Love! Pish. In the past eight months, I had trained myself well against it.
Romance was no longer something I pined for.
Not in novels, and certainly not in real life.
No, the mystery was for me. Analyzing characters and their human motivations—that was my interest. What makes a person lie?
To what lengths will they keep their secrets, and, what, in the end, causes them to unravel?
In truth, I also loved reading about people whose lives were far worse off than mine. What were scandal and rejection from society compared to being murdered by one’s own family?
I lay back in my spot, huddling close to Mercutio for what bit of warmth his little body offered, and distracted myself from those memories by bringing the book to my nose. “But if Signora Udolpho—Sister Agnes—is still alive, then who is behind that curtain?”
Mercutio paused his licking, his ears twisting keenly, body tensed. He rose up on all fours, his tail swooping as he pounced down from his perch, shoulders gliding smoothly as he stalked toward a Mercutio-sized opening in the wood door.
And just like that, I was alone.
Abandoned by a cat who likely understood only half of what I told him, and that was being generous. He was now my only friend and confidant, and I spoke more to him than I did to any human acquaintance I had left, including my brother and his new bride.
Amelia Moore.
She’d taken his name now. Our name, though I felt less and less of a claim on it.

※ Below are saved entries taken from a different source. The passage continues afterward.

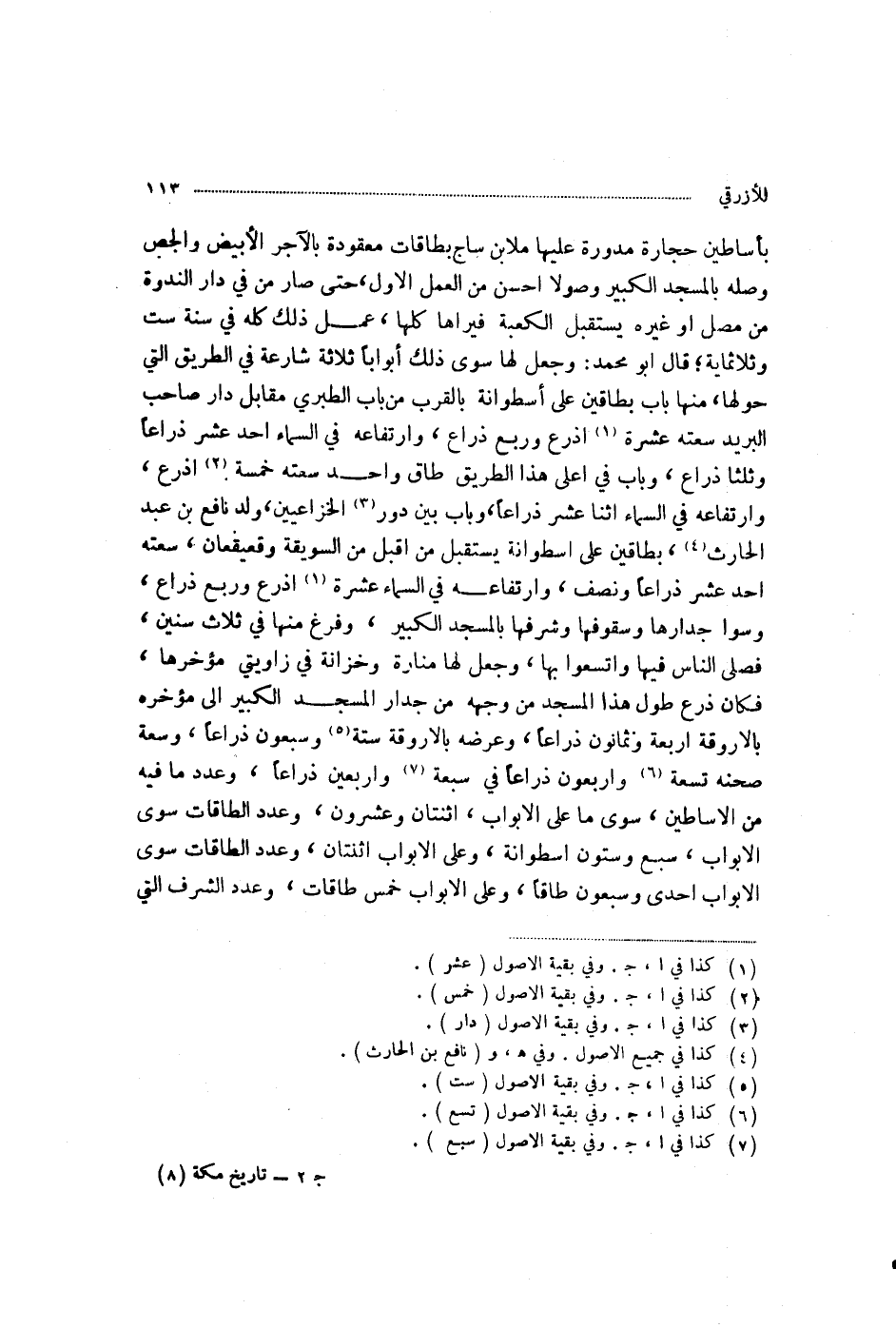 بِأَسَاطِينَ حِجَارَةٍ مُدَوَّرَةٍ عَلَيْهَا مَلَابِنُ سَاجٍ بِطَاقَاتٍ مَعْقُودَةٍ بِالْآجُرِّ الْأَبْيَضِ وَالْجِصِّ، وَصَلَهُ بِالْمَسْجِدِ الْكَبِيرِ وُصُولًا أَحْسَنَ مِنَ الْعَمَلِ الْأَوَّلِ، حَتَّى صَارَ مَنْ فِي دَارِ النَّدْوَةِ مِنْ مُصَلٍّ أَوْ غَيْرِهِ يَسْتَقْبِلُ الْكَعْبَةَ فَيَرَاهَا كُلَّهَا عَمِلَ ذَلِكَ كُلَّهُ فِي سَنَةِ سِتٍّ وَثَلَاثِمِائَةٍ قَالَ أَبُو مُحَمَّدٍ: " وَجَعَلَ لَهَا سِوَى ذَلِكَ أَبْوَابًا ثَلَاثَةً شَارِعَةً فِي الطَّرِيقِ الَّتِي حَوْلَهَا، مِنْهَا بَابٌ بِطَاقَيْنِ عَلَى أُسْطُوَانَةٍ بِالْقُرْبِ مِنْ بَابِ الطَّبَرِيِّ مُقَابِلَ دَارِ صَاحِبِ الْبَرِيدِ سَعَتُهُ عَشَرَةُ أَذْرُعٍ وَرُبُعُ ذِرَاعٍ، وَارْتِفَاعُهُ فِي السَّمَاءِ أَحَدَ عَشَرَ ذِرَاعًا وَثُلُثَا ذِرَاعٍ، وَبَابٌ فِي أَعْلَى هَذَا الطَّرِيقِ طَاقٌ وَاحِدٌ سَعَتُهُ خَمْسَةُ أَذْرُعٍ، وَارْتِفَاعُهُ فِي السَّمَاءِ اثْنَا عَشَرَ ذِرَاعًا، وَبَابٌ بَيْنَ دُورِ الْخُزَاعِيِّينَ وَلَدِ نَافِعِ بْنِ عَبْدِ الْحَارِثِ بِطَاقَيْنِ عَلَى أُسْطُوَانَةٍ يَسْتَقْبِلُ مَنْ أَقْبَلَ مِنَ السُّوَيْقَةِ وَقُعَيْقِعَانِ، سَعَتُهُ أَحَدَ عَشَرَ ذِرَاعًا وَنِصْفٌ، وَارْتِفَاعُهُ فِي السَّمَاءِ عَشَرَةُ أَذْرُعٍ وَرُبُعُ ذِرَاعٍ، وَسَوَّى جِدَارَهَا وَسُقُوفَهَا وَشُرَفَهَا بِالْمَسْجِدِ الْكَبِيرِ، وَفَرَغَ مِنْهَا فِي ثَلَاثِ سِنِينَ، فَصَلَّى النَّاسُ فِيهَا وَاتَّسَعُوا بِهَا، وَجَعَلَ مَنَارَةً وَخِزَانَةً فِي زَاوِيَتَيْ مُؤَخَّرِهَا، فَكَانَ ذَرْعُ طُولِ هَذَا الْمَسْجِدِ مِنْ وَجْهِهِ مِنْ جِدَارِ الْمَسْجِدِ الْكَبِيرِ إِلَى مُؤَخَّرِهِ بِالْأَرْوِقَةِ أَرْبَعَةٌ وَثَمَانُونَ ذِرَاعًا، وَعَرْضُهُ بِالْأَرْوِقَةِ سِتَّةٌ وَسَبْعُونَ ذِرَاعًا، وَسَعَةُ صَحْنِهِ تِسْعَةٌ وَأَرْبَعُونَ ذِرَاعًا فِي سَبْعَةٍ وَأَرْبَعِينَ ذِرَاعًا، وَعَدَدُ مَا فِيهِ مِنَ الْأَسَاطِينِ سِوَى مَا عَلَى الْأَبْوَابِ اثْنَتَانِ وَعِشْرُونَ، وَعَدَدُ الطَّاقَاتِ سِوَى الْأَبْوَابِ سَبْعٌ وَسِتُّونَ أُسْطُوَانَةً، عَلَى الْأَبْوَابِ اثْنَتَانِ، وَعَدَدُ الطَّاقَاتِ سِوَى الْأَبْوَابِ إِحْدَى وَسَبْعُونَ طَاقًا، وَعَلَى الْأَبْوَابِ خَمْسُ طَاقَاتٍ، وَعَدَدُ الشُّرَفِ الَّتِي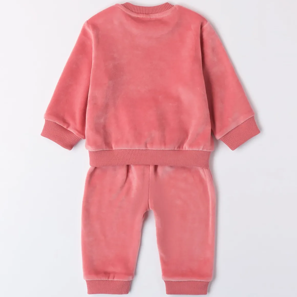 Tuta neonata iDO 1-24 mesi realizzata in ciniglia. Il modello è composto da felpa e pantalone. La felpa presenta apertura sulla spalla con bottoni e ruches in arricchimento sul fondo manica. Fantasia tinta unita. Il pantalone ha vita elasticizzata con bottoni e polsini sul fondo gamba. Scopri tutta la selezione di Completi bimba iDOMini sul sito!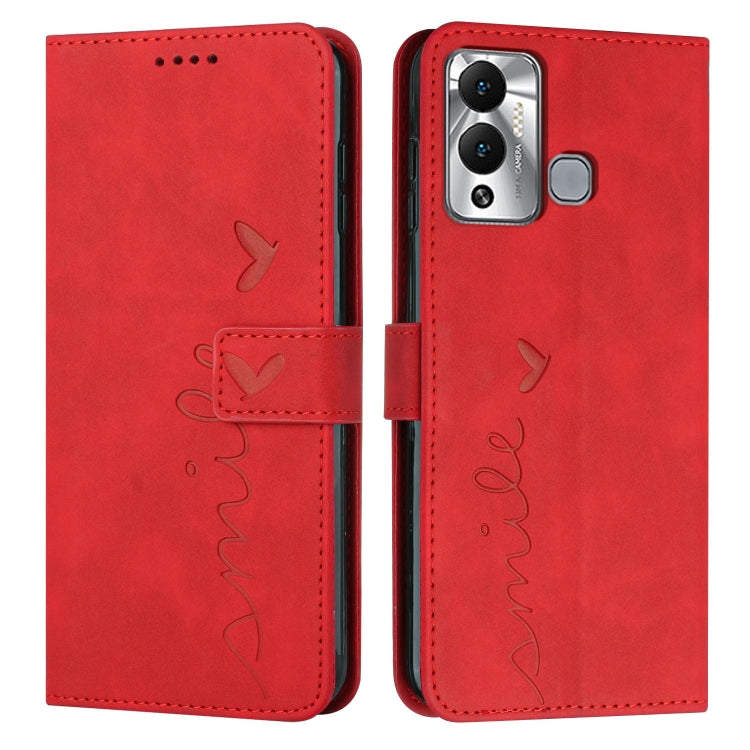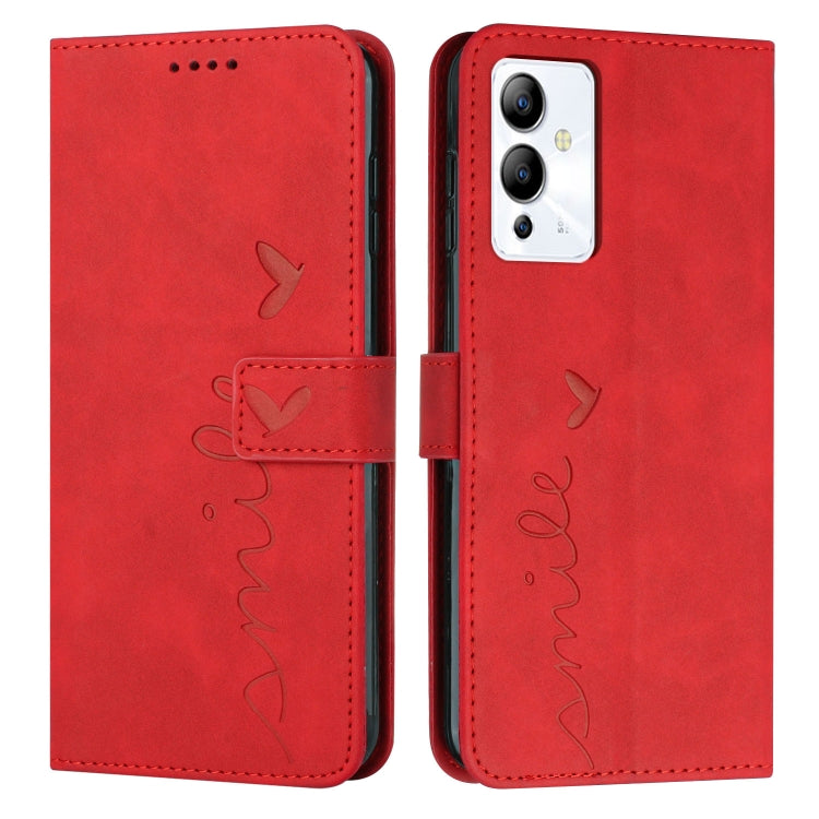 Funda de Cuero para Infinix Hot 12 Skin Feel con Patrón Heart (Rojo)

After Sir Ronald’s house party, and the Grand Mistake I’d made there, Peter had married Amelia, and we were a .
. . family now. I shuddered at the thought.
As the months had passed, it seemed she was his family, and I belonged out here with Mercutio.
Away from their jests and laughter, their late-night rendezvous in his study, their pitying glances were I ever to surface in the middle of an intimate conversation that was likely about me and Oh, what can we do for poor Georgiana?
The answer was nothing. I had paid my dues. I’d offered my apologies, asked for forgiveness from all parties, and even listened to the vicar’s weekly lectures for a month. And, yes, I regretted what I’d done.
I would have never initiated what had surely become the end of my life in more ways than one had I foreseen the repercussions.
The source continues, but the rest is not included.